Central banks use a target inflation rate to modulate economic growth, money supply and consumption but if inflation gets out of hand it could mean that the target inflation is not under control or that the commitment to a target is not strong enough for political reasons.
The world in general and in the US in particular, have enjoyed low inflation and abundance of goods to choose from for an extended period of time which, can be explained by a combination of sound economic policies and technological change. Technology has also increased productivity, thereby reducing the costs of inputs to a unit of production. Most economies have now flattened productivity gains, nonetheless, inflation is still low?

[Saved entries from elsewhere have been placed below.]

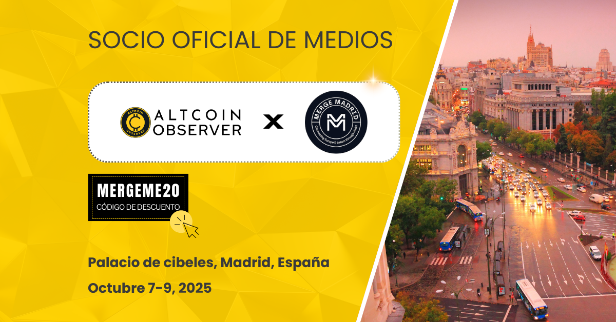 Altcoin Observer, medio líder en el ecosistema Web3, se complace en unirse a MERGE Madrid como socio de medios. Gracias a esta alianza, brindaremos cobertura exclusiva, entrevistas y análisis clave del evento, llevando las conversaciones más relevantes a una audiencia global.
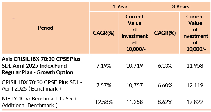 | Axis CRISIL IBX 70:30 CPSE Plus SDL DECEMBER 2025 Index Fund | 30-Apr-2025 | -0.38 | -0.47 | -- | -- | -0.47 |
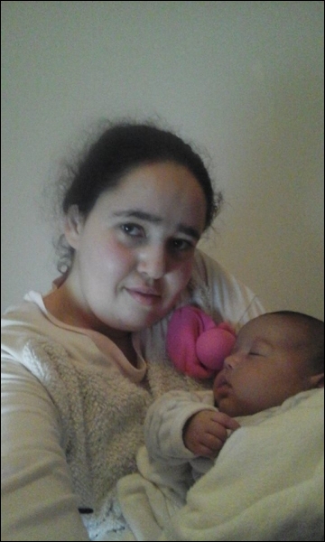 Je remets une photo que j'ai prise ce week-end dernier quand je suis allée chez ma grande sœur. Alors, le bébé que je tiens dans mon bras gauche, c'est ma nièce de deux mois.
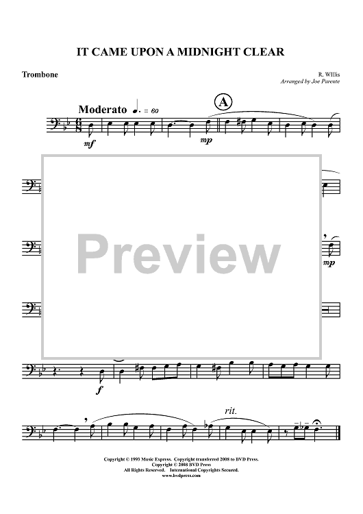 "It Came Upon a Midnight Clear - Trombone" Sheet Music by Traditional
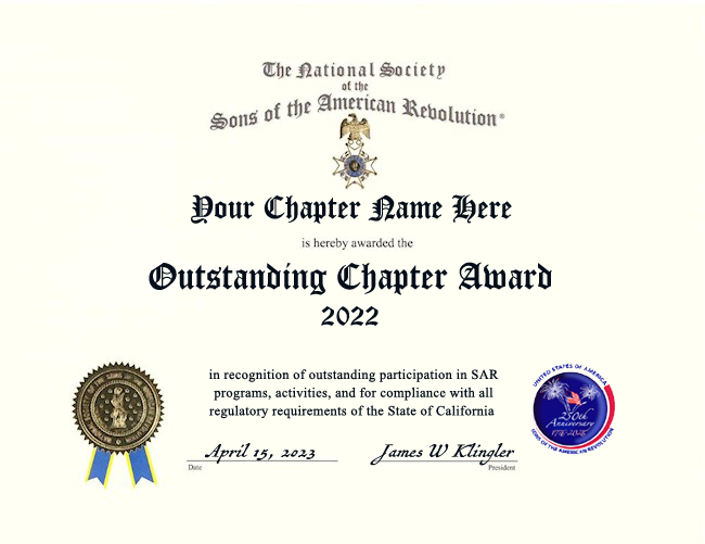 Registration is open for the SAR 133rd National Congress on July 13-20 in Orlando, Florida. CASSAR Past President and current SAR Secretary General, John Dodd, is running for SAR President General. We want to have a large attendance from California to support his candidacy. The link to register for the Congress on our CASSAR website is: www.californiasar.org/event/sar-133rd-national-congress.

Analysts are studying and trying to explain a new wave of productivity based on a “shared economy” mainly, based on the effects of international trade and the expansion of other means of production. Some of this added productivity is coming from resources that used to be idle but are now participating in economic growth. A good example of the share economic expansion is Uber’s-- car sharing and Airbnb's--home sharing economic models.
Additionally, as the world’s population gets older, another component of change must be included with its impact on changing demographics and how it can exert inflationary pressure in the short and long run. Finally, the effect of globalization is changing traditional economic statistical metrics to include new methods to asses its effects on share economies.
The extended period of low inflation and interest rates is nearing its end as the accumulated effects of the economic variables suggest that expectations in the financial and commodity markets will translate to changes in price levels in the larger economy.
The shift is mostly driven by an increase in investors’ expectations for future inflation. In the United States, prices of inflation-protected bonds imply that investors currently expect consumer prices to rise and the Trump administration policies may be playing a role.
Largess in tax cuts and increased spending will result in hundreds of billions of dollars more in Treasury bonds being issued in the coming years which mean the government will have to pay higher interest rates to find buyers of that debt. As a result, the Feds are facing economic realities unrelated to politics and must apply the traditional equation of [New Debt-Maturing Debt = Primary Deficit + Interest Payments]. In other words, the government must issue new debt to cover the primary deficit which is-- the difference between non-interest spending and revenues—the principal on debt, and interest payments on past debt.
This economic reality is inescapable no matter how Trump massages his economic policies and his rosy scenario messaging to the public.